As for Lady St. Serf, it was popularly reported that the reason why she almost invariably lived in the country was her health, which kept her out of society – a report, I need not say, absolutely rejected by society itself, which knew all the circumstances better than you or I do: but which sufficed for the outsiders who knew nothing. When Elinor did appear upon great occasions, which she consented to do, her matured beauty gave the fullest contradiction to the pretext on which she continued to live her own life. But old Lord St. Serf, who got old so long before he need to have done, with perhaps the same sort of constitutional weakness which had carried off all his brothers before their time, or perhaps because he had too much abused a constitution which was not weak – grew more and more fond in his latter days of the country too, and kept appearing at Lakeside so often that at last the ladies removed much nearer town, to the country-house of the St. Serfs, which had not been occupied for ages, where they presented at last the appearance of a united family; and where "Lomond" (who would have thought it very strange now to be addressed by any other name) brought his friends, and was not ill-pleased to hear his father discourse, in a way which sometimes still offended the home-bred Pippo, but which the other young men found very amusing. It was not in the way of morals, however, that Lord St. Serf ever offended. The fear of Elinor kept him as blameless as any good-*natured preacher of the endless theme, that all is vanity, could do.
These family arrangements, however, and the modified happiness obtained by their means, were still all in the future, when John Tatham, a little afraid of the encounter, yet anxious to have it over, went to Ebury Street the day after these occurrences, to see Elinor for the first time under her new character as Lady St. Serf.
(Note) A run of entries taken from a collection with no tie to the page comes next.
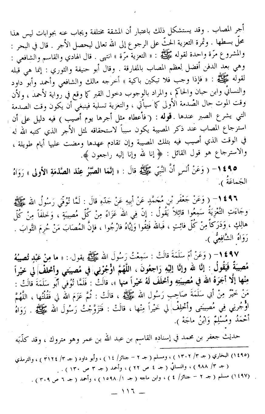 1497 - (وَعَنْ أُمِّ سَلَمَةَ قَالَتْ: سَمِعْت رَسُولَ اللَّهِ - صَلَّى اللَّهُ عَلَيْهِ وَسَلَّمَ - يَقُولُ: «مَا مِنْ عَبْدٍ تُصِيبُهُ مُصِيبَةٌ فَيَقُولُ: إنَّا لِلَّهِ وَإِنَّا إلَيْهِ رَاجِعُونَ، اللَّهُمَّ أْجُرْنِي فِي مُصِيبَتِي وَأَخْلِفْ لِي خَيْرًا مِنْهَا إلَّا أَجَرَهُ اللَّهُ فِي مُصِيبَتِهِ وَأَخْلَفَ لَهُ خَيْرًا مِنْهَا، قَالَتْ: فَلَمَّا تُوُفِّيَ أَبُو سَلَمَةَ قَالَتْ: مَنْ خَيْرٌ مِنْ أَبِي سَلَمَةَ صَاحِبِ رَسُولِ اللَّهِ - صَلَّى اللَّهُ عَلَيْهِ وَسَلَّمَ -، قَالَتْ: ثُمَّ عَزَمَ اللَّهُ لِي فَقُلْتُهَا، اللَّهُمَّ أْجُرْنِي فِي مُصِيبَتِي وَأَخْلِفْ لِي خَيْرًا مِنْهَا، قَالَتْ: فَتَزَوَّجْتُ رَسُولَ اللَّهِ - صَلَّى اللَّهُ عَلَيْهِ وَسَلَّمَ -» رَوَاهُ أَحْمَدُ وَمُسْلِمٌ وَابْنُ مَاجَهْ) .
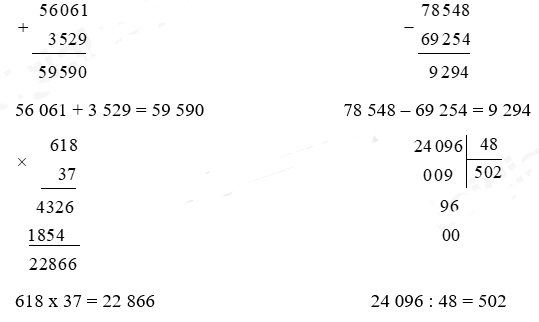 - Đối với phép chia: chia lần lượt từ trái sang phải
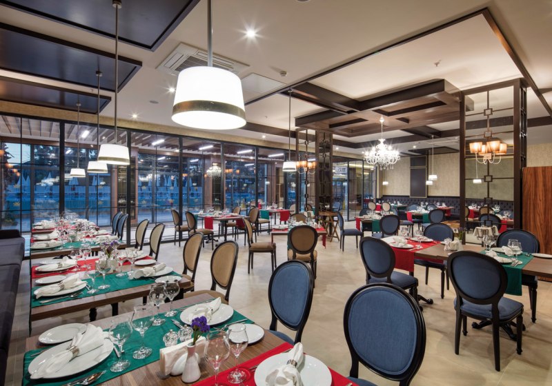• Café (Queens Cafe, nur für Gäste) • Restaurant (Monzu Main Restaurant, rollstuhlgeeignet, Buffet, keine bedrohten Fischarten, Klimaanlage, mit Außenbereich, Europäische Speisen, Fast Food, Fisch/Meeresfrüchte, Grill-/BBQ-Speisen, Halal-Speisen, internationale Speisen, lokale Speisen, Mediterrane Speisen, Pizza, Türkische Speisen, nur für Gäste, keine Haustiere erlaubt, im Hauptgebäude, keine Badebekleidung (Dresscode), familien- und kinderfreundlich) • Snackbar (Snack Bar, nur für Gäste) • Lobbybar (Name, rollstuhlgeeignet, 24h, Klimaanlage, mit Außenbereich, im Hauptgebäude, nur für Gäste)
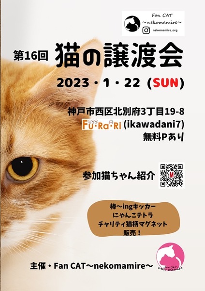 | 譲渡費用(医療費、交通費など) | 医療費の一部として(ワクチン、ノミダニ駆除、レントゲン、エイズ白血病検査、検便等) 18,000円 交通費は実費をお願いします |
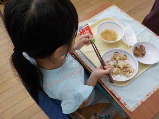 むいたそら豆は調理され給食で美味しくいただくことができました。自分たちでむいたそら豆の味は格別な様子でした。
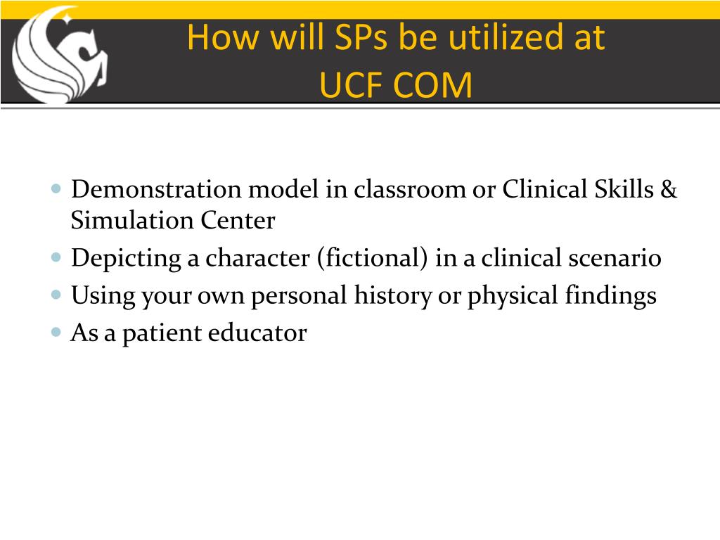 How will SPs be utilized at UCF COM • Demonstration model in classroom or Clinical Skills & Simulation Center • Depicting a character (fictional) in a clinical scenario • Using your own personal history or physical findings • As a patient educator

He found her in a languor and exhaustion much unlike Elinor, doing nothing, not even a book near, lying back in her chair, fallen upon herself, as the French say. Some of those words that mean nothing passed between them, and then she said, "John, did Pippo tell you that he had been there?"
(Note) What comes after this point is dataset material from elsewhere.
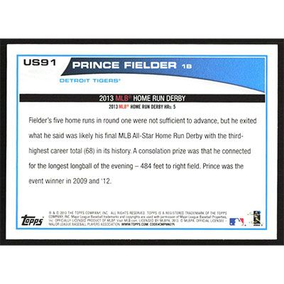 This is a 2013 Topps Update Prince Fielder Home Run Derby baseball card. The card is #US91 and pictures show condition.

He nodded his head, finding nothing to say.
"Without any warning, to see his mother stand up before all the world to be tried – for her life."
"Elinor," said John, "you are as fantastic as the boy."
"I was – being tried for my life – before him as the judge. And he has acquitted me; but, oh, I wonder, I wonder if he would have done so had he known all that I know?"
"I do so," said John, "perhaps a little more used to the laws of evidence than Pippo."
"Ah, you!" she said, giving him her hand, with a look which John did not know how to take, whether as the fullest expression of trust, or an affectionate disdain of the man in whose partial judgment no justice was. And then she asked a question which threw perhaps the greatest perplexity he had ever known into John Tatham's life. "When you tell a fact – that is true: with the intention to deceive: John, you that know the laws of evidence, is that a lie?"